[EXTRACTED INFORMATION]
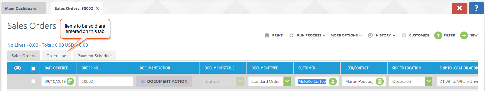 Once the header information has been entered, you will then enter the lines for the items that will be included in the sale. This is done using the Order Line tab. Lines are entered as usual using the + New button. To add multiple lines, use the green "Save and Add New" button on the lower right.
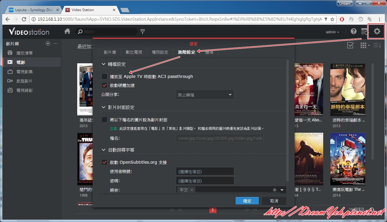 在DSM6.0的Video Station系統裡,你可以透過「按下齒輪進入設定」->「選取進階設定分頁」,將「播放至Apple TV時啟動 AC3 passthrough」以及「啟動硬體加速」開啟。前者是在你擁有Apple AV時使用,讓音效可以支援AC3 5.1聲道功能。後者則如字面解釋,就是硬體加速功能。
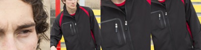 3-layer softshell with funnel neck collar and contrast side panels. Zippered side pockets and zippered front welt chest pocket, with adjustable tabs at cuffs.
[/EXTRACTED INFORMATION]
[EXTRACTED INFORMATION]
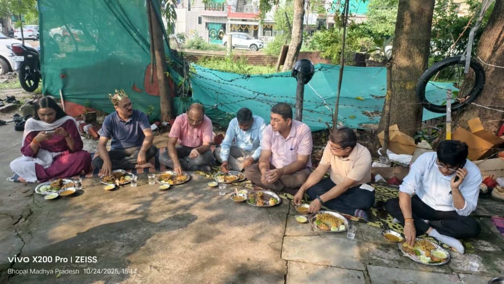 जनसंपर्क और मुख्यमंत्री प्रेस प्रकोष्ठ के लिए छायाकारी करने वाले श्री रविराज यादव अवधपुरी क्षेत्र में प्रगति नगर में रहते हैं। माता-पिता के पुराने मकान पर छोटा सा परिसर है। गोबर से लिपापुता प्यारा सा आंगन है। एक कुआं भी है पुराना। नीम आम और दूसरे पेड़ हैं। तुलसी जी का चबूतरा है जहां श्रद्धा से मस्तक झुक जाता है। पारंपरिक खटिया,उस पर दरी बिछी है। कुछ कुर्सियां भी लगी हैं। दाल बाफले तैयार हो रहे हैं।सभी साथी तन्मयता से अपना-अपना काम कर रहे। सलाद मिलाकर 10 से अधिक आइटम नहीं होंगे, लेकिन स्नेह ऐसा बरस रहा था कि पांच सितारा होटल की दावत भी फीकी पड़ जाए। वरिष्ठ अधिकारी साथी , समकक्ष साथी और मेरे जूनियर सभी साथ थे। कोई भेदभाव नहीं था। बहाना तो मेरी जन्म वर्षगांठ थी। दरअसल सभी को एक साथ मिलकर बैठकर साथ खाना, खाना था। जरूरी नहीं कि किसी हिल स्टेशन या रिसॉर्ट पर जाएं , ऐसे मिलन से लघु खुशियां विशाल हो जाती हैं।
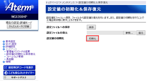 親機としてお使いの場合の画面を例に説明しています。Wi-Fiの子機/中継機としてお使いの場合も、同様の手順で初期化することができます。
[/EXTRACTED INFORMATION]
[EXTRACTED INFORMATION]
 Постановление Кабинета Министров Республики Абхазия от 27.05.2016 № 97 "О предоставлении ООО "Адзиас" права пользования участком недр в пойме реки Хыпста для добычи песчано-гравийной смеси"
[/EXTRACTED INFORMATION]
Beginning with the line above that has "जनसंपर्क और मुख्यमंत्री" and going on through the line that has "親機としてお使いの場合の画面", retype every line exactly and add nothing else; drop the pictures.

 जनसंपर्क और मुख्यमंत्री प्रेस प्रकोष्ठ के लिए छायाकारी करने वाले श्री रविराज यादव अवधपुरी क्षेत्र में प्रगति नगर में रहते हैं। माता-पिता के पुराने मकान पर छोटा सा परिसर है। गोबर से लिपापुता प्यारा सा आंगन है। एक कुआं भी है पुराना। नीम आम और दूसरे पेड़ हैं। तुलसी जी का चबूतरा है जहां श्रद्धा से मस्तक झुक जाता है। पारंपरिक खटिया,उस पर दरी बिछी है। कुछ कुर्सियां भी लगी हैं। दाल बाफले तैयार हो रहे हैं।सभी साथी तन्मयता से अपना-अपना काम कर रहे। सलाद मिलाकर 10 से अधिक आइटम नहीं होंगे, लेकिन स्नेह ऐसा बरस रहा था कि पांच सितारा होटल की दावत भी फीकी पड़ जाए। वरिष्ठ अधिकारी साथी , समकक्ष साथी और मेरे जूनियर सभी साथ थे। कोई भेदभाव नहीं था। बहाना तो मेरी जन्म वर्षगांठ थी। दरअसल सभी को एक साथ मिलकर बैठकर साथ खाना, खाना था। जरूरी नहीं कि किसी हिल स्टेशन या रिसॉर्ट पर जाएं , ऐसे मिलन से लघु खुशियां विशाल हो जाती हैं।
 親機としてお使いの場合の画面を例に説明しています。Wi-Fiの子機/中継機としてお使いの場合も、同様の手順で初期化することができます。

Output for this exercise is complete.